Tip:While namespace-based filtering allows the Flexera Kubernetes inventory agent to avoid reading filtered objects, it still needs to read the list of all namespaces in order to determine which namespaces are permitted or excluded.
|
Item |
Description |
|
Attribute |
spec.monitor.includeNamespaces spec.monitor.excludeNamespaces |
|
Type |
Array of strings |
|
Example |
["kube-system", "test"] |
Include/Exclude Labels
Like the namespace-based filtering mechanisms above, these attributes allow fine-grained control over what resources are observed by the Flexera Kubernetes inventory agent, except that the filtering is based on labels applied to resources.
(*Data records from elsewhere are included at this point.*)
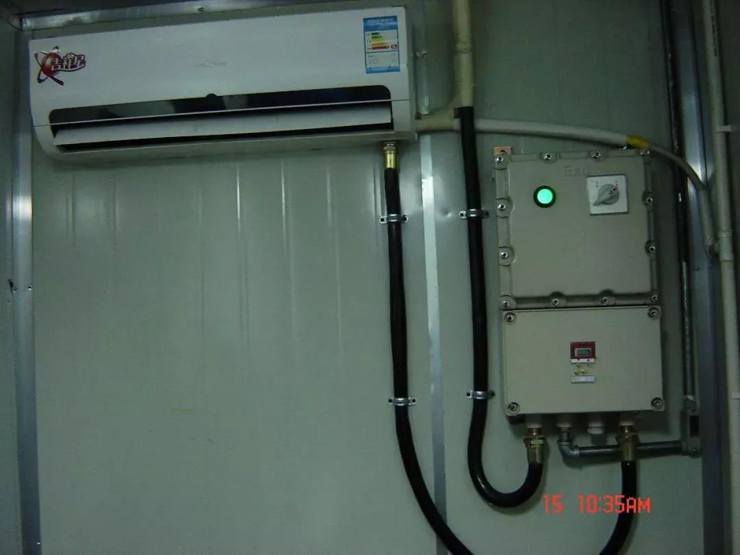 工业防爆空调保持普通空调基础上,对电气系统,包括压缩机、风机、电气线路进行防爆处理。控制线路采用以光耦固态继电器为核心的电气制系统进行整体防爆,原保持原来空调的基本功能下,简化结构,简化操作,使设备在性混合气体环境中能安全使用。
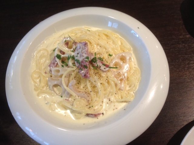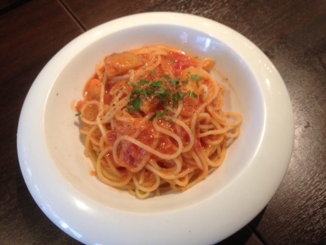 私はBのズワイガニとじゃが芋のトマトソース、お友達はCのからいサラミとレンコンのクリームパスタにしました
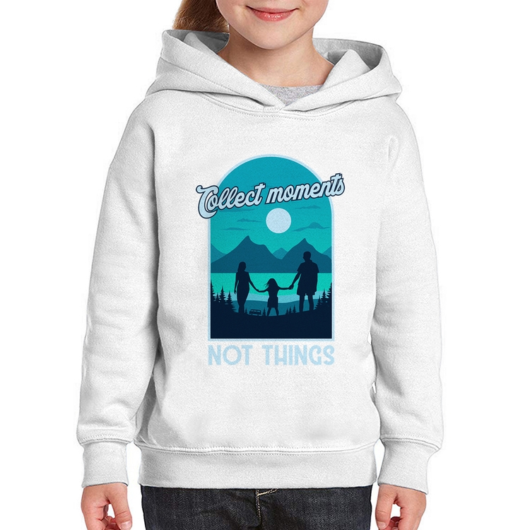 O Moletom Infantil Collect Moments Not Things é confeccionado em tecido 88% Poliéster e 12% Algodão com gola redonda, capuz e bolso lateral, costura reforçada e modelagem com caimento reto. A estampa do tema "Frases e Memes" é feita através do processo Sublimação. Produto ideal para quem busca fidelidade da estampa e ótimo custo-benefício, a estampa não desbota nem quebra.
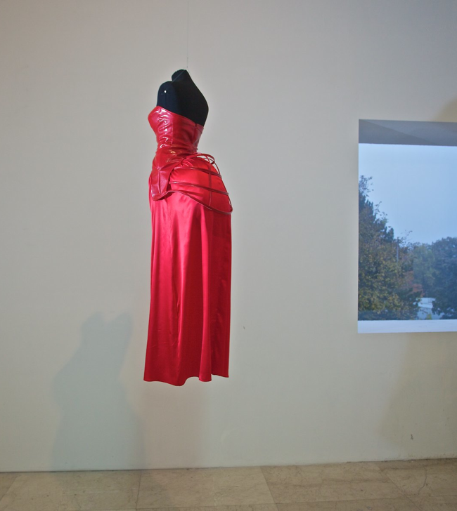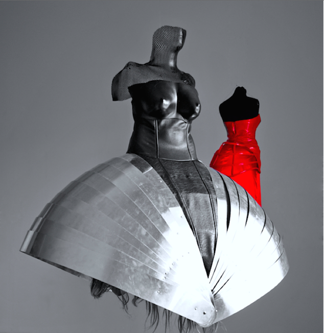 The first dress, made of red leather and silk, symbolizes the internal structure of vagina.
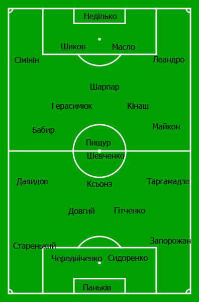 Володимир Шаран має повне право орієнтуватись на той склад, що досить непогано відіграв у Харкові минулого туру. Можливо тільки в лінії атаки будуть проведені зміни, Давидов зіграє на лівому фланзі замість Салхі, а Шевченко з перших хвилин замінить Кабанова.

| • | excludeLabels—By default this is empty. The Flexera Kubernetes inventory agent ignores any resource that bears any of the labels specified here. |
| • | includeLabels—By default this is empty. If the this attribute is not empty, the Flexera Kubernetes inventory agent ignores any resource that does not bear at least one of its labels. |
Note:A label specified in both lists is excluded.
While namespace-based filtering (above) allows the Flexera Kubernetes inventory agent to completely avoid reading filtered resources, label-based filtering requires the Flexera Kubernetes inventory agent to read each resource to decide whether its labels permit or exclude the resource. Further, the Flexera Kubernetes inventory agent needs to try to read each parent resource (like a pod's ReplicaSet, or Deployment, for example), in order to determine whether any of the resource's parents have an operative label.
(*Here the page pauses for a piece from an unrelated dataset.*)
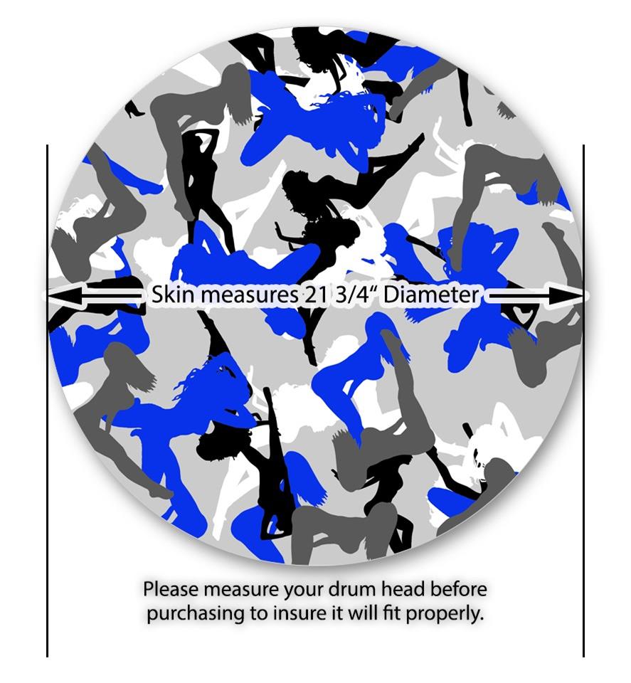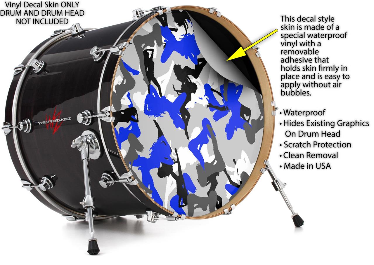 Vinyl Decal Skin Wrap for 22" Bass Kick Drum Head Sexy Girl Silhouette Camo Blue - DRUM HEAD NOT INCLUDED

Tip:In general, label filtering requires that the resource has a matching key and a matching value. The exception is the special label key krm.flexera.com/ignore. Any resource that bears this label key (and in this case, the value is irrelevant) automatically acts as if it were filtered by excludeLabels, and the Flexera Kubernetes inventory agent does not continue to observe it.
|
Item |
Description |
|
Attribute |
spec.monitor.includeLabels spec.monitor.excludeLabels |
|
Type |
Key-value pairs, separated by a colon, each on its own line |
|
Example |
environment: testing app: particular-app |
The example above might look like this in a YAML file:
apiVersion: agents.flexera.com/v1
kind: KRM
metadata:
name: instance
spec:
monitor:
excludeLabels:
environment: testing
app: particular-app
Extensions
Reserved for future development, intended to support faster delivery of features. The extensions attribute is a mapping of a string key to a LocalObjectReference that refers to a ConfigMap in the cluster.
|
Item |
Description |
|
Attribute |
spec.extensions |
|
Type |
Key: value pairs, relating a string key to a LocalObjectReference value |
Note:As there are no extensions as yet, this value is currently ignored by the controller.